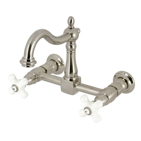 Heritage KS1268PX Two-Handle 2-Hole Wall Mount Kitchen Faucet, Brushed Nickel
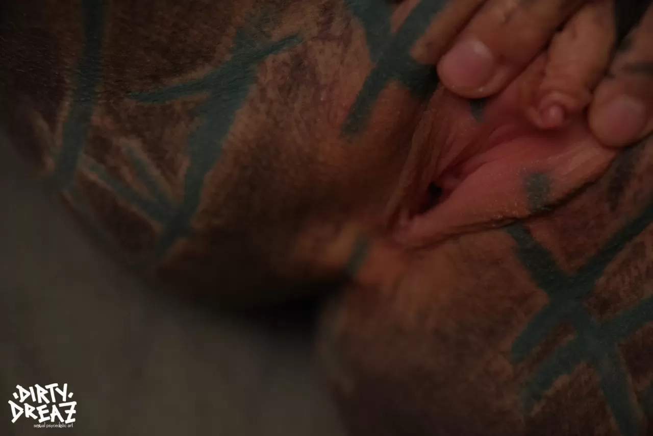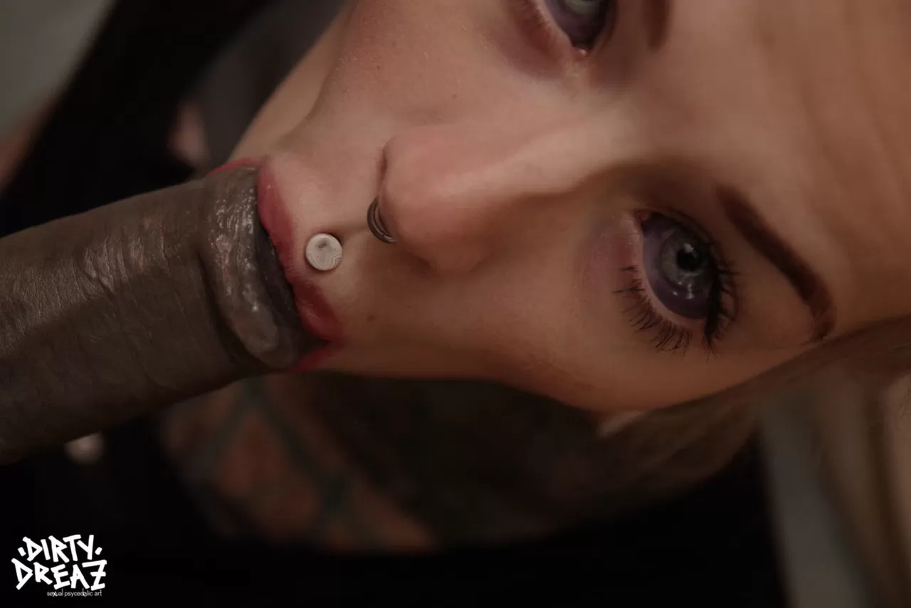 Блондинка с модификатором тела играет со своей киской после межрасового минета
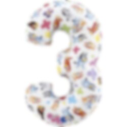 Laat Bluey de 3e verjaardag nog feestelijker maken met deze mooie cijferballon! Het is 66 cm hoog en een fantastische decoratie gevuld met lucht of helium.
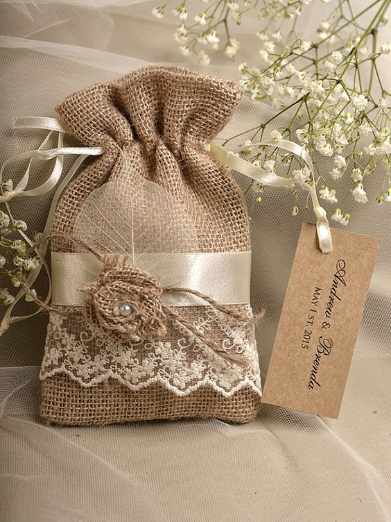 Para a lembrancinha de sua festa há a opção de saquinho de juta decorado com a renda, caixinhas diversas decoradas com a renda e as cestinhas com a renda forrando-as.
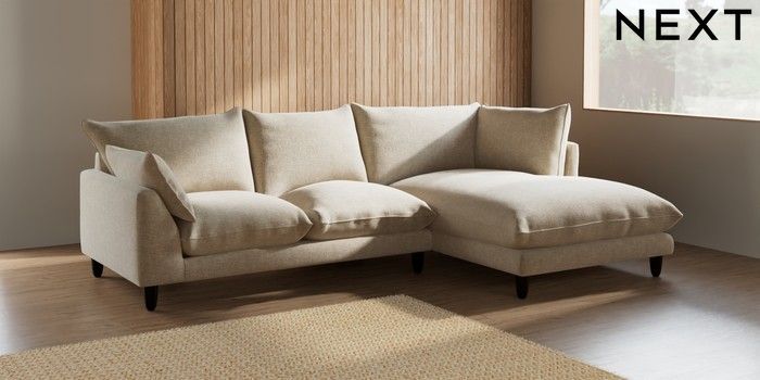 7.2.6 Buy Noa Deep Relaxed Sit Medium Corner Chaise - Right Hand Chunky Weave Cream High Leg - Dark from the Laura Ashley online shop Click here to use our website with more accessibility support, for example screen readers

==

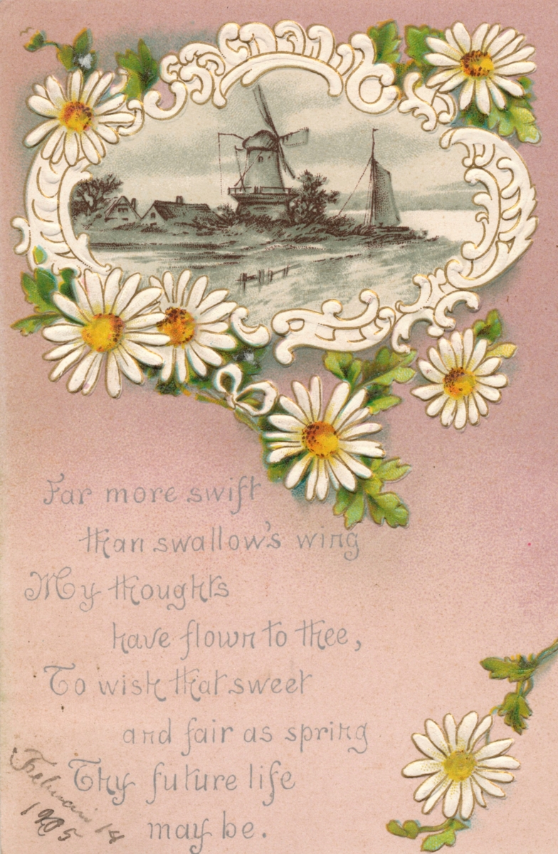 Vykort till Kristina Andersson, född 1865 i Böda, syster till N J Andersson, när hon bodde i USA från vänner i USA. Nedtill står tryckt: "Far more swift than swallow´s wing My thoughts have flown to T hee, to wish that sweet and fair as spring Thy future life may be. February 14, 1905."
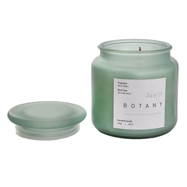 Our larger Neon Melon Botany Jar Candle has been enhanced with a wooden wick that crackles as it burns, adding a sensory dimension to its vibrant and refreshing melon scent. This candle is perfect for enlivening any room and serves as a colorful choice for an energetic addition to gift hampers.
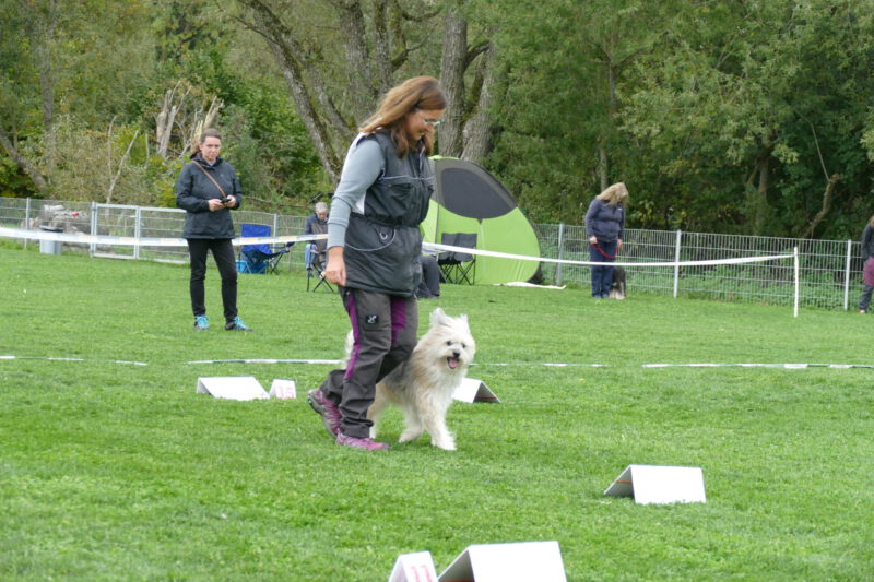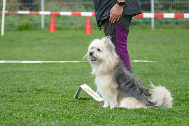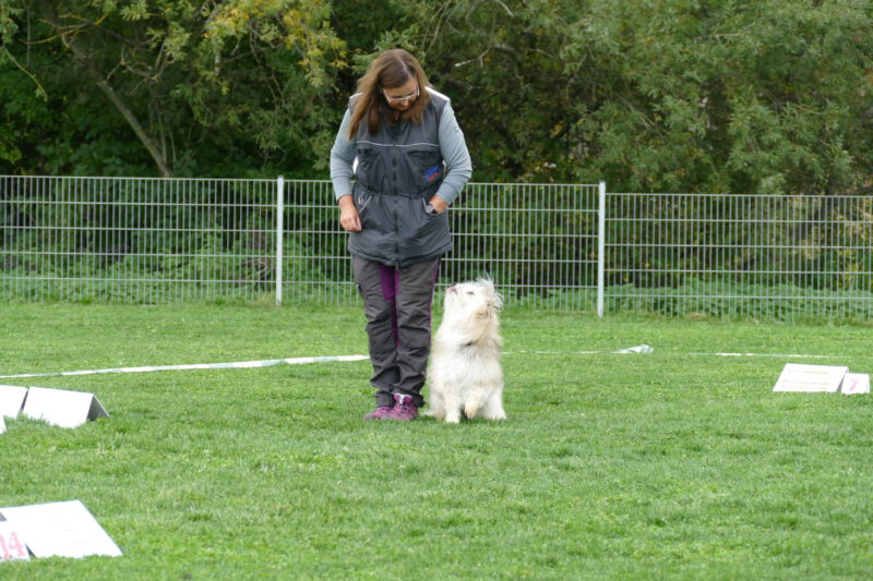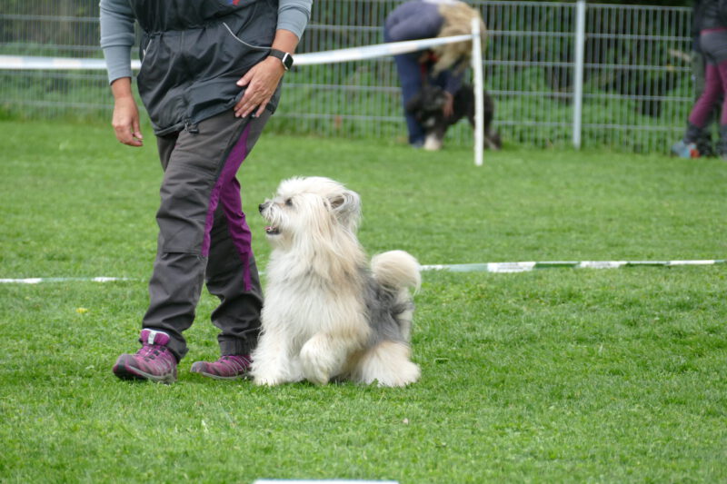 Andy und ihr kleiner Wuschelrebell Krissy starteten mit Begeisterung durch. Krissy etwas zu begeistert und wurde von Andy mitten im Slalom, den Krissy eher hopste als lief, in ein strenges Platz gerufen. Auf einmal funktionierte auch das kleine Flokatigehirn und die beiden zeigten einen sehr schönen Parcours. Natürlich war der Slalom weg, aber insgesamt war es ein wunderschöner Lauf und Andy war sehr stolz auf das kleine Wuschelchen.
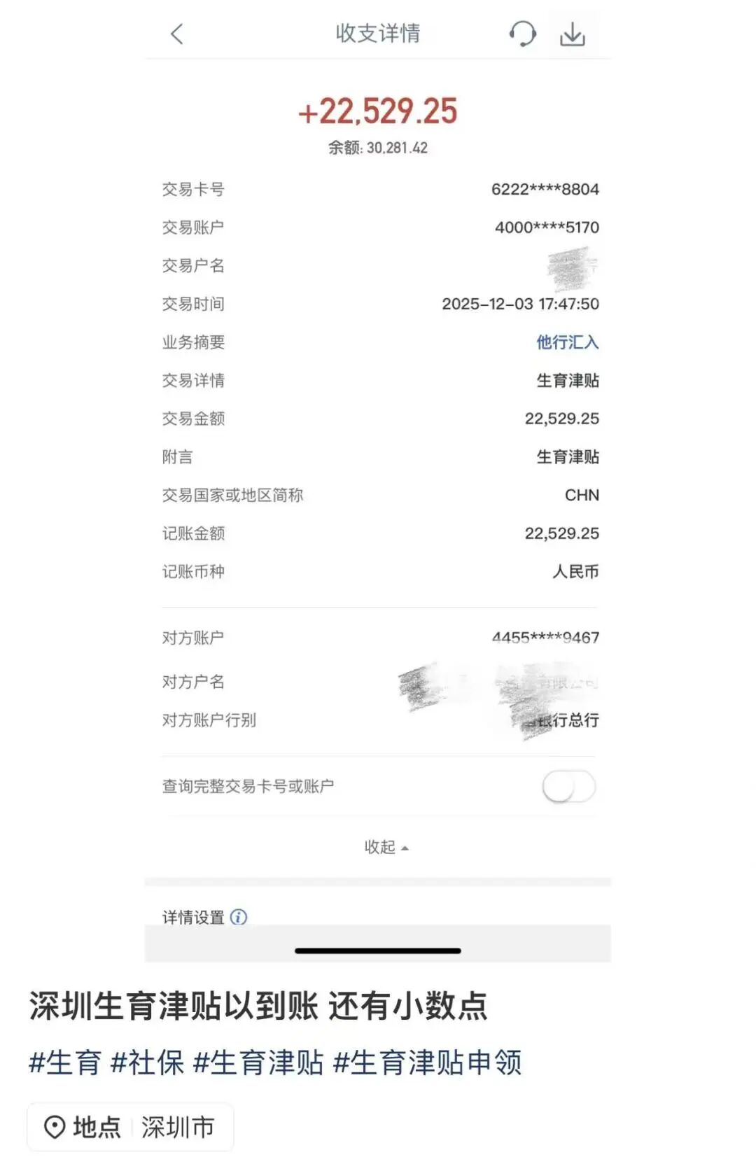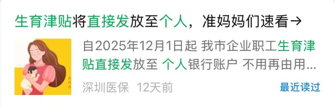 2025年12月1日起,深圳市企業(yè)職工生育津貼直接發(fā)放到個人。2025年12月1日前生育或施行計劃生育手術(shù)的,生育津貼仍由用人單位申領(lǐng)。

* * *

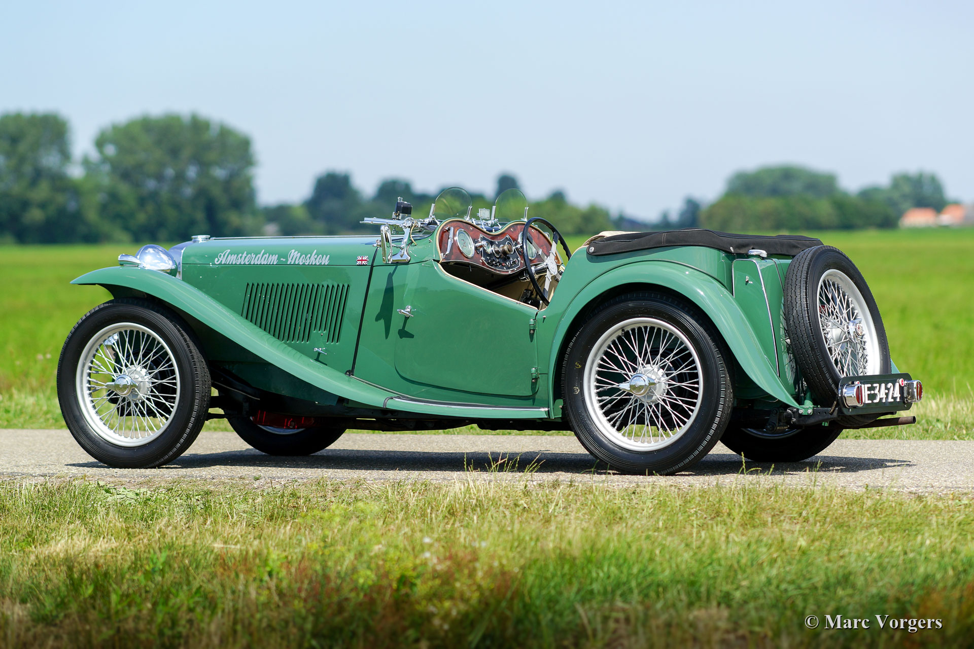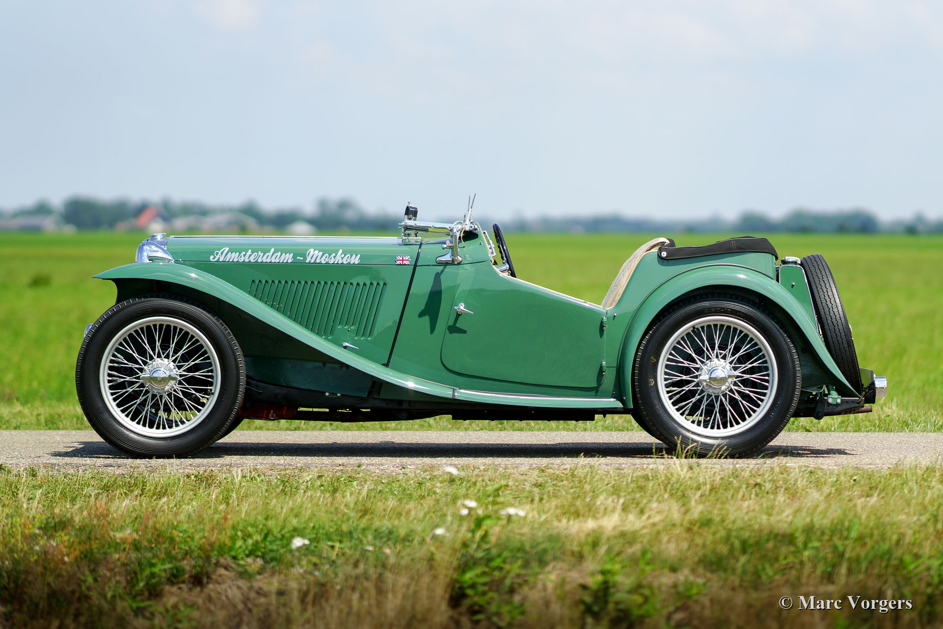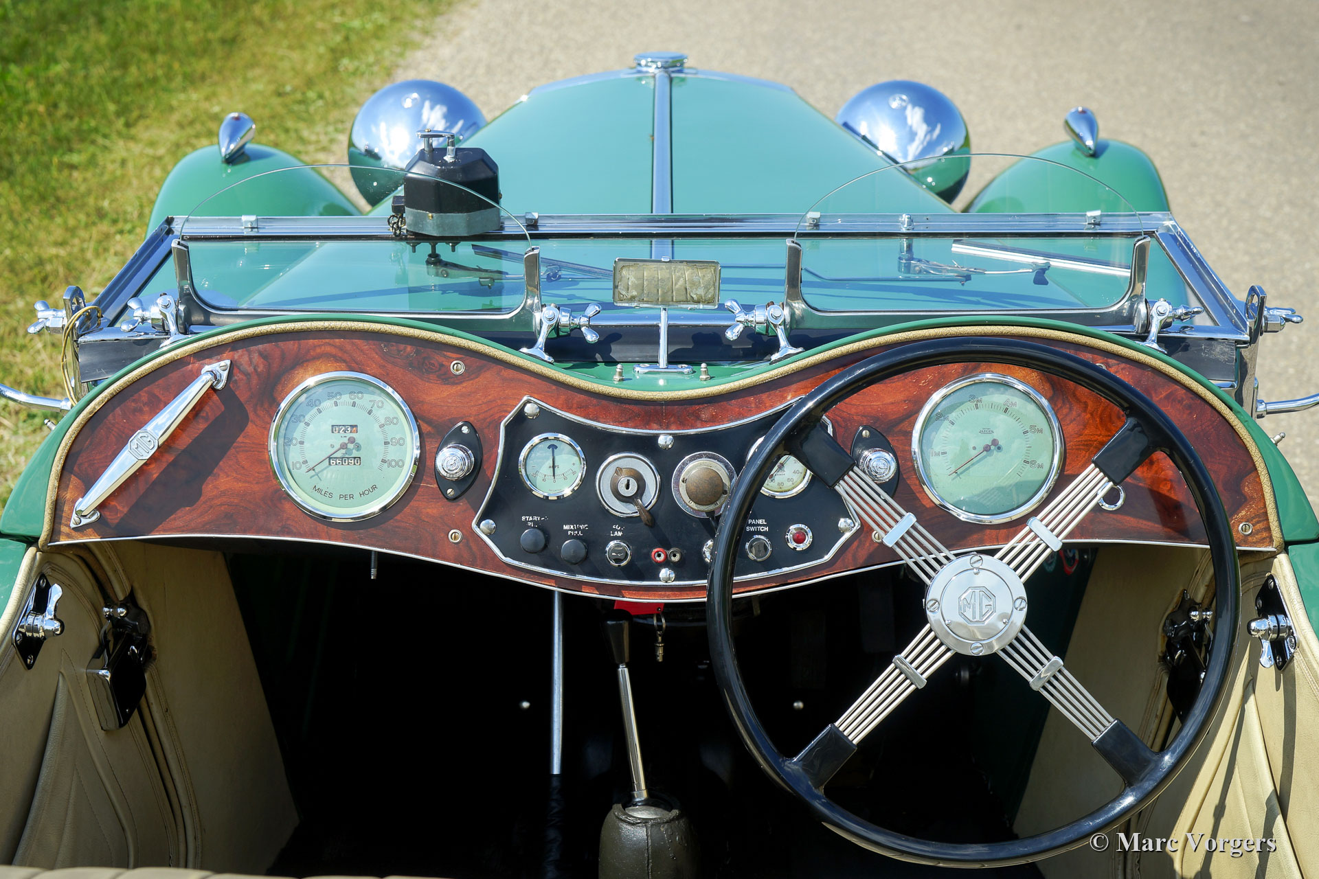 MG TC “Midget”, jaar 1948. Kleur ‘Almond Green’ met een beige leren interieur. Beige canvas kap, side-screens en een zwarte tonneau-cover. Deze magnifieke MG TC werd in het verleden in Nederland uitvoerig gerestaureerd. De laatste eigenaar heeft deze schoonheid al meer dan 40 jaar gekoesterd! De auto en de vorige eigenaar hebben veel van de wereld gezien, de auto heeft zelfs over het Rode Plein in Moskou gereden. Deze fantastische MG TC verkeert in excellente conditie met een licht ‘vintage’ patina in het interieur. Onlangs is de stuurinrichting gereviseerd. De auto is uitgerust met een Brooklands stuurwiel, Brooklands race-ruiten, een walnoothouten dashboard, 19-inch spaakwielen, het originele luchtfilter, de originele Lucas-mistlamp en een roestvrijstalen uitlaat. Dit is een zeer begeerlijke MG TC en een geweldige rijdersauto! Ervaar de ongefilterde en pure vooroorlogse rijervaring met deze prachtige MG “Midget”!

■ WHAT YOU NEED TO DO
Looking at the listing above, which lines run from the one containing "Блондинка с модификатором" through the one containing "Para a lembrancinha"? Print exactly those, ends included, pictures excluded.

■ RESULT FOR THIS EXERCISE
 Блондинка с модификатором тела играет со своей киской после межрасового минета
 Laat Bluey de 3e verjaardag nog feestelijker maken met deze mooie cijferballon! Het is 66 cm hoog en een fantastische decoratie gevuld met lucht of helium.
 Para a lembrancinha de sua festa há a opção de saquinho de juta decorado com a renda, caixinhas diversas decoradas com a renda e as cestinhas com a renda forrando-as.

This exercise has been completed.